Back in the 1950s, seventy years ago, people made all sorts of predictions about what the future would be like. We’d have flying cars and robot maids, it was all so exciting.
Well, it hasn’t turned out quite like that.
That’s the point; the future is always different to what we expect. Sometimes things don’t materialize, like fusion power and flying saucers. Other times they exceed our wildest Star Trek dreams, like smartphones and teslas.
Take the Apple iPhone as a case in point. As leading edge thinkers, we futurists were happy to make the ‘outrageous’ claim that within five years of launch in 2007, Apple would be selling about 20-30 million units per year. Not so. By 2016, Apple had sold a cumulative 1 billion iPhones!
Arthur C Clarke warned us that technology innovation would surprise us. We tend to over-estimate what’s technically feasible and under-estimate the commercial and second order impacts. Like Moore’s Law and viral epidemics, successful innovation follows an exponential path.
And then there are the Black Swans, those random, unexpected events that change everything, forever.
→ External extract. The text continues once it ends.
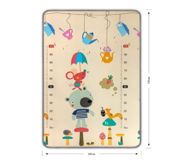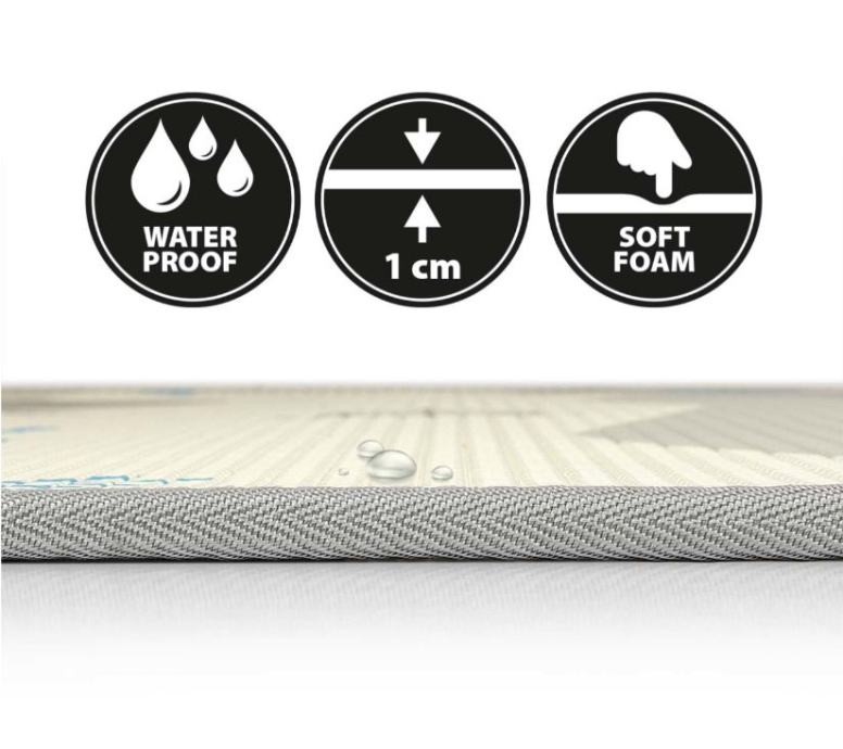 Podloga za igru je dvostrana, izrađena je od kvalitetnog, laganog i čvrstog materijala, antialergijska je i ne klizi. Podloga jamči udobnost i sigurnost za našu djecu dok se igraju. Podloga ima kreativne boje i prekrasan dizajn zahvaljujući tome potiče našu bebu na igru i više aktivnosti. Njegova kvaliteta i velika fleksibilnost uzrokuju da su naša djeca sigurna dok padnu. Zahvaljujući vodootpornosti, savršeno štiti pod od hladnoće, lako se čisti i čini ljepšu površinu u dječjoj sobi.

Often serendipitous in nature, following an accidental discovery or the result of a freak occurrence, Black Swans always catch us by surprise; only with hindsight can we say we should have seen it coming.
Which is one of the big problems with success and achievement. It blinds us to the fact that we might be following a dwindling path. Our cognitive bias leads us to disregard weak signals and re-enforce our own expert thinking. “We’re the experts, the biggest in our industry, so we must be right! Right?”
Not quite. In this uncertain and ambiguous world, the more confident you are in your prediction of the future, the more likely you are to be proven wrong!